# How to complete this task
The line containing "These stud earrings" marks the end; return exactly every line from the start of the records up to and including it, but no pictures.
======== Records shown ========
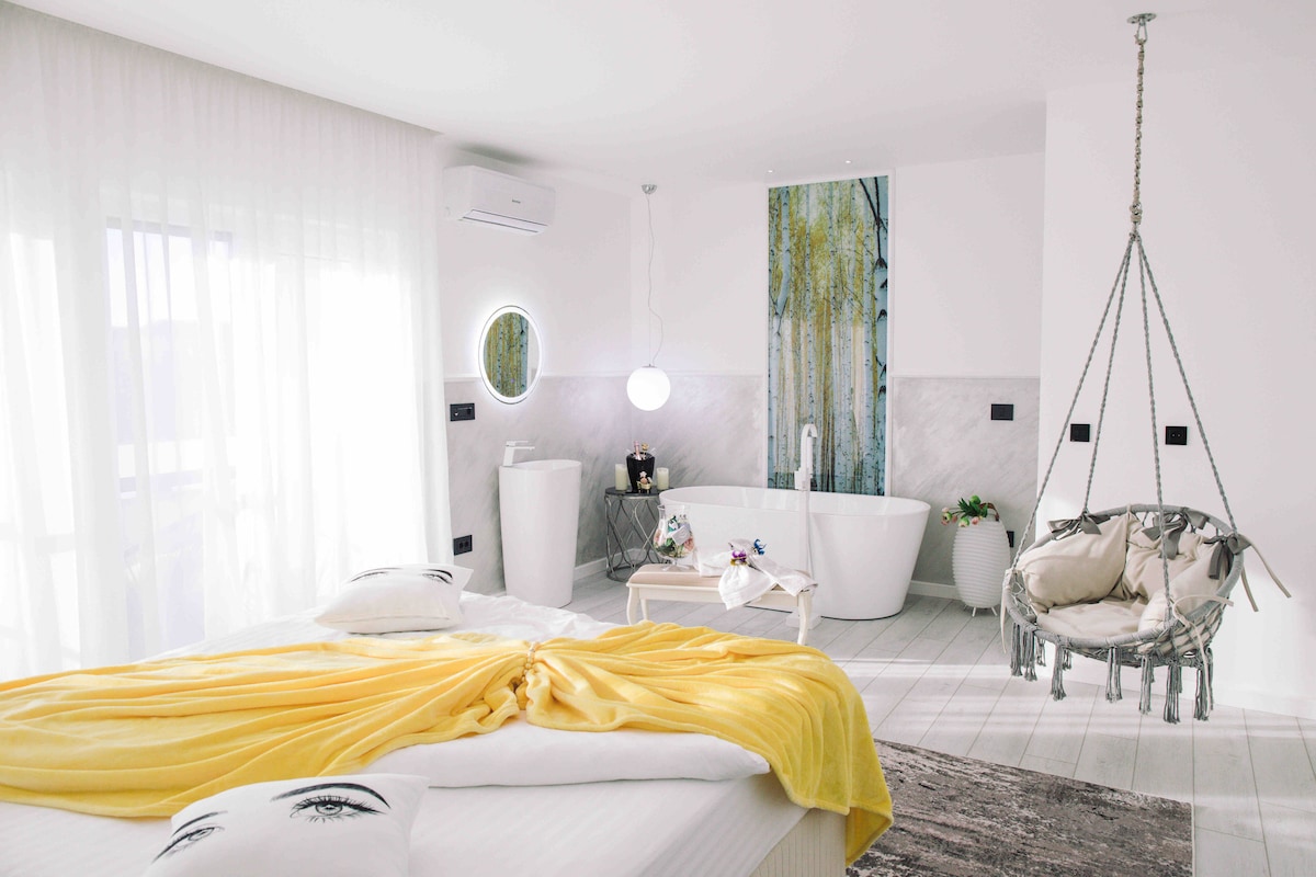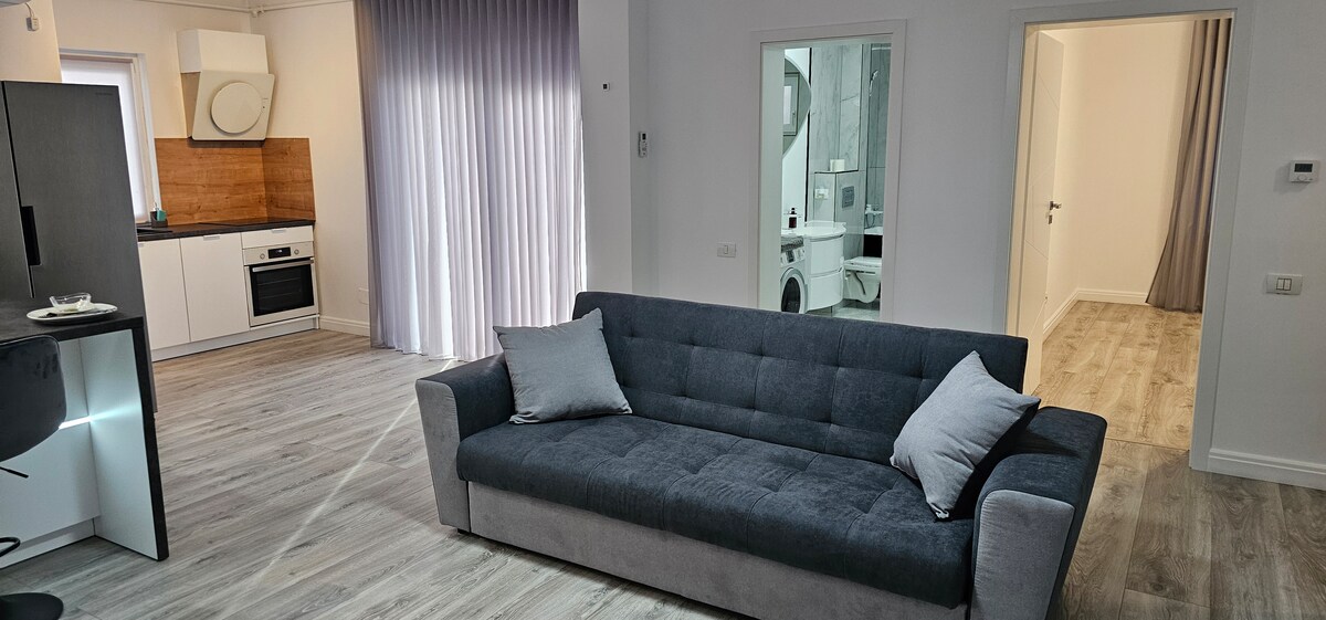 Welcome to your cozy getaway! Kick back and relax in this calm, stylish studio. My charming apartment features a comfortable 180x200 cm bed and is perfectly situated just 400 meters from the Iulius Town (5 minutes by foot) and 1km away from the historical and cultural city center. Iulius Town is the busiest place in the city. Here, you can find any restaurant you want, any café you like, and any store you want to shop in. It's really the place near you want to stay when you come to Timisoara
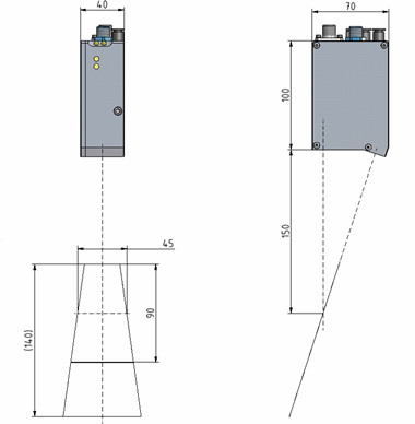 1)测量距离: 150 mm (+/- 45mm或者 +/- 12 mm) ,传感器尺寸小
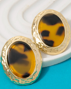 These stud earrings feature a chic vintage-inspired oval tortoise shell design in a bold large size. Appreciate the detailed craftsmanship that elevates these earrings into a distinctive statement accessory.
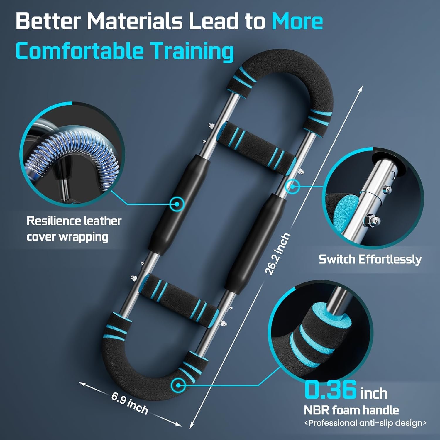𝐓𝐫𝐚𝐢𝐧 𝐒𝐦𝐚𝐫𝐭𝐞𝐫 𝐰𝐢𝐭𝐡 𝐎𝐮𝐫 𝐃𝐮𝐚𝐥 𝐀𝐝𝐣𝐮𝐬𝐭𝐚𝐛𝐥𝐞 𝐑𝐞𝐬𝐢𝐬𝐭𝐚𝐧𝐜𝐞 𝐁𝐚𝐫𝐬:Arm trainer four removable sleeves let you customize tension from 65/90/110lbs for progressive workouts, chest workout equipment textured grip foam grips and three layer precision steel ensure safe, stable performance every session
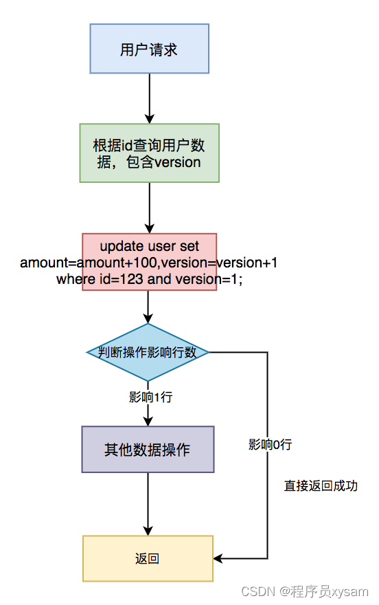 该update操作不会真正更新数据,最终sql的执行结果影响行数是0,因为version已经变成2了,where中的version=1肯定无法满足条件。但为了保证接口幂等性,接口可以直接返回成功,因为version值已经修改了,那么前面必定已经成功过一次,后面都是重复的请求。
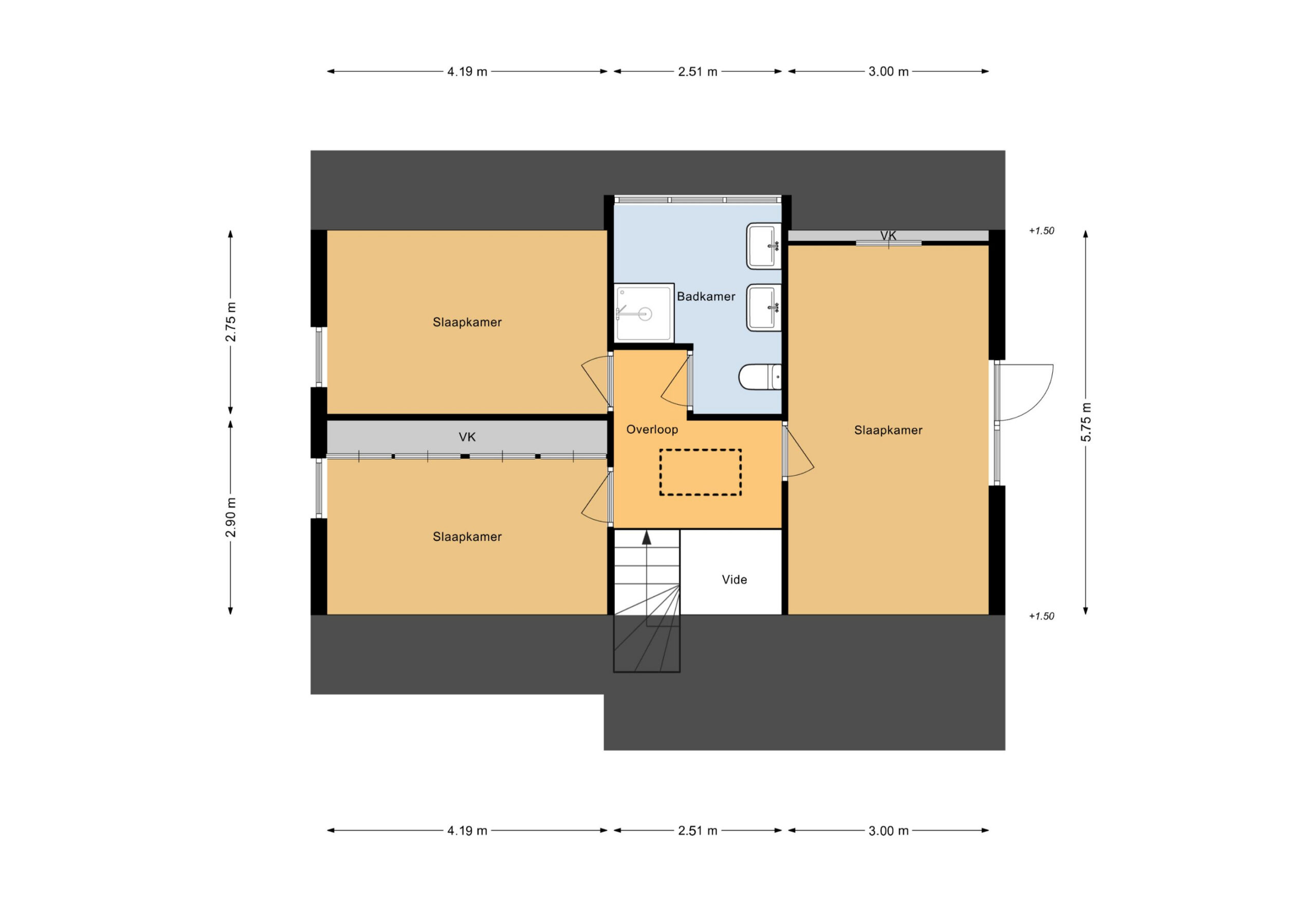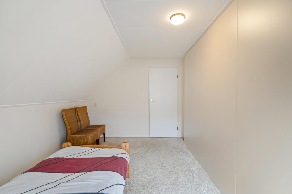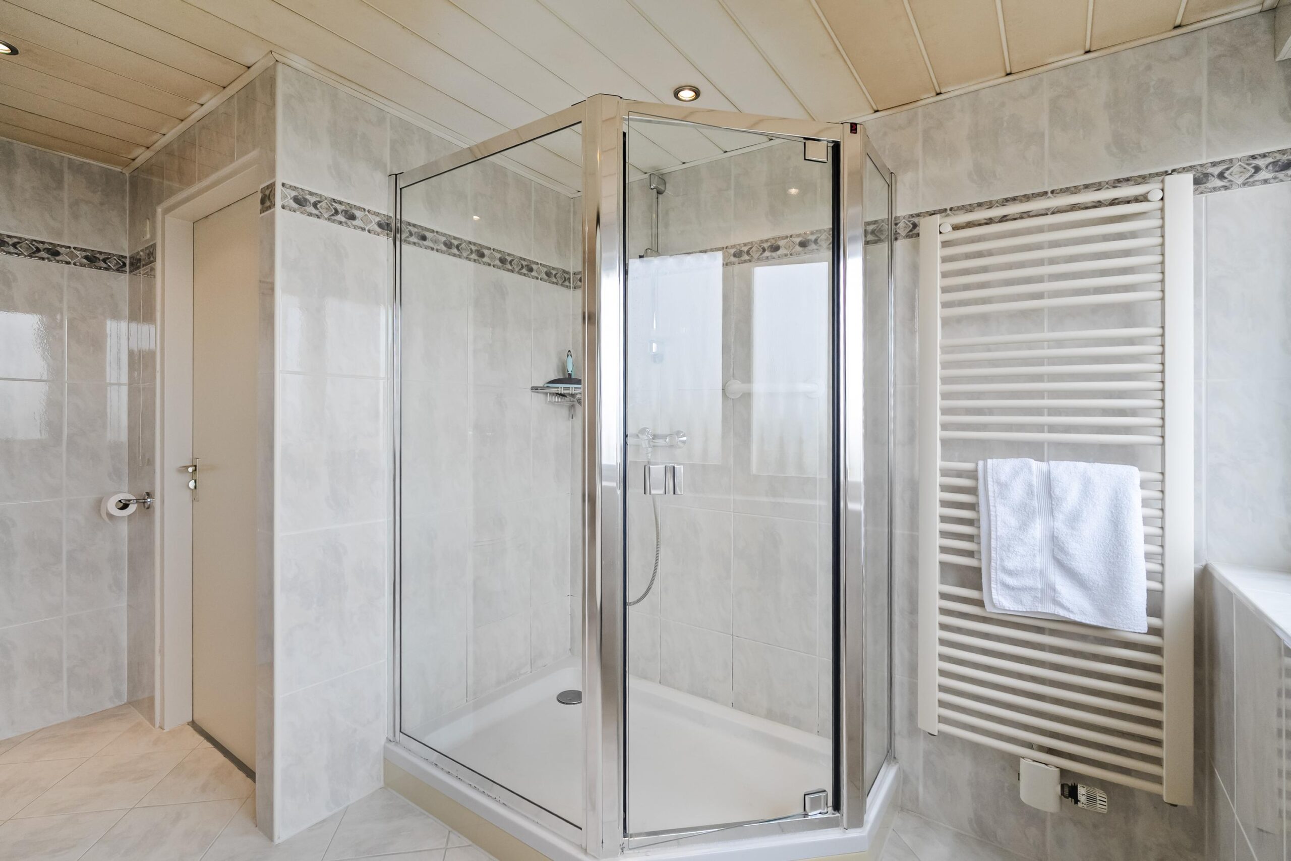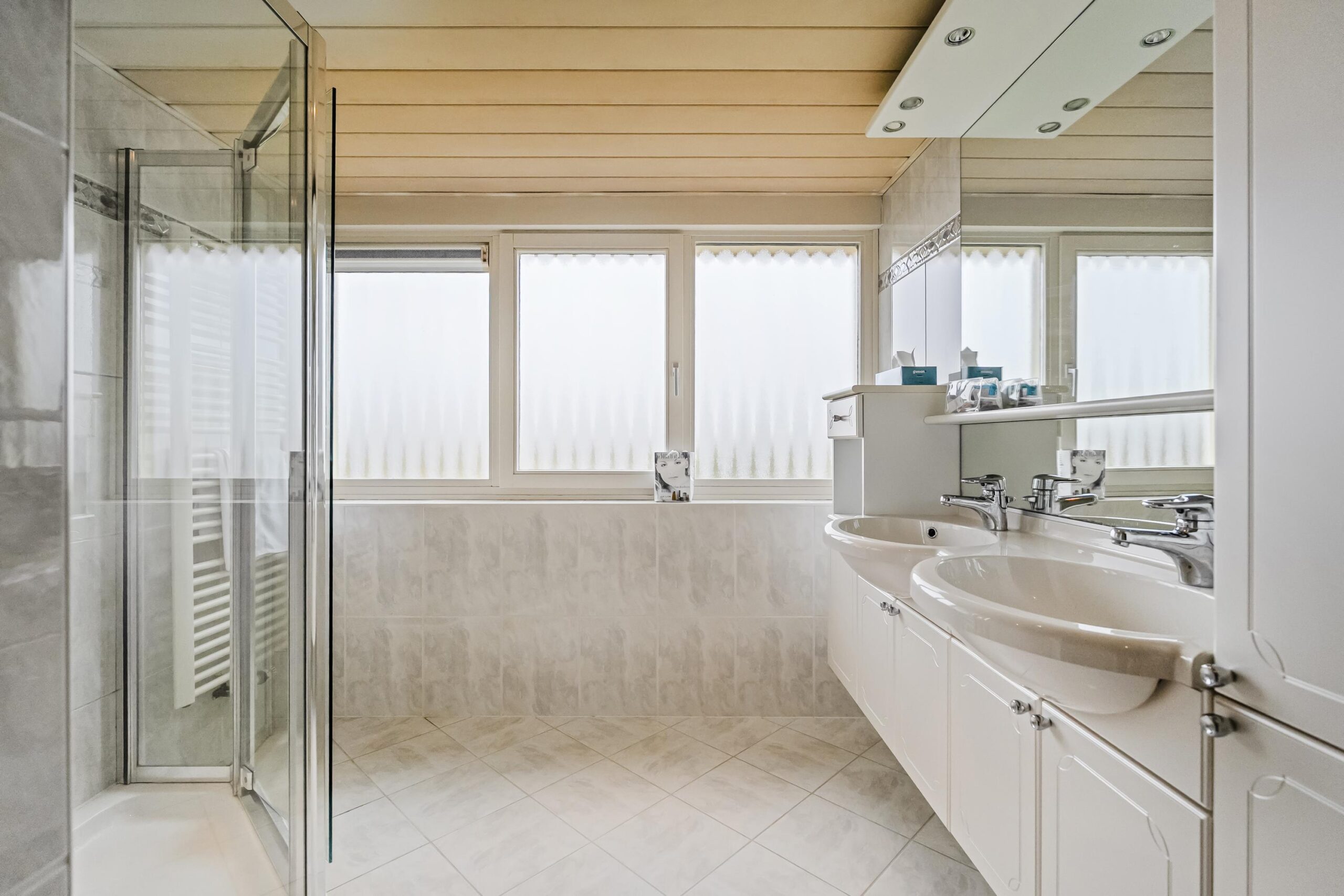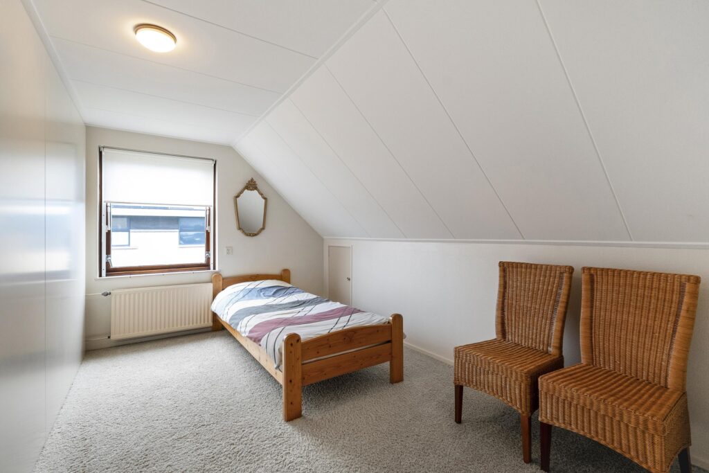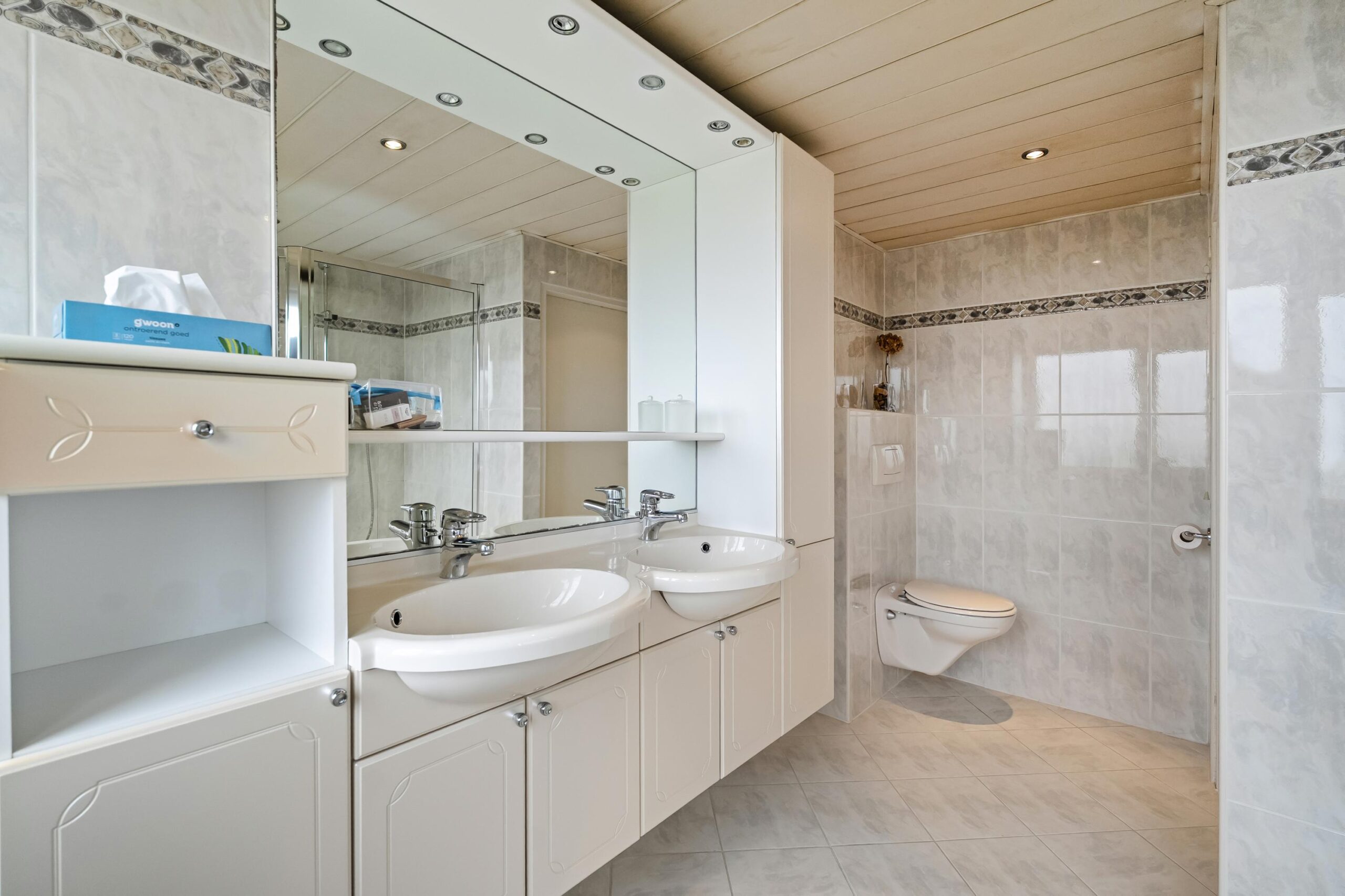 Op de eerste verdieping bevinden zich een ruime overloop, drie prima slaapkamers en de badkamer. De badkamer is compleet ingericht met een dubbele wastafel, hangend closet, designradiator en een douchecabine. Er zijn twee middelgrote slaapkamers en één ruime hoofdslaapkamer. Eén van de slaapkamers beschikt over een grote vaste kastenwand. Via een vlizotrap op de overloop is de zolder bereikbaar, waar u volop bergruimte heeft voor het opbergen van uw spullen.
========
# Task output
 Welcome to your cozy getaway! Kick back and relax in this calm, stylish studio. My charming apartment features a comfortable 180x200 cm bed and is perfectly situated just 400 meters from the Iulius Town (5 minutes by foot) and 1km away from the historical and cultural city center. Iulius Town is the busiest place in the city. Here, you can find any restaurant you want, any café you like, and any store you want to shop in. It's really the place near you want to stay when you come to Timisoara
 1)测量距离: 150 mm (+/- 45mm或者 +/- 12 mm) ,传感器尺寸小
 These stud earrings feature a chic vintage-inspired oval tortoise shell design in a bold large size. Appreciate the detailed craftsmanship that elevates these earrings into a distinctive statement accessory.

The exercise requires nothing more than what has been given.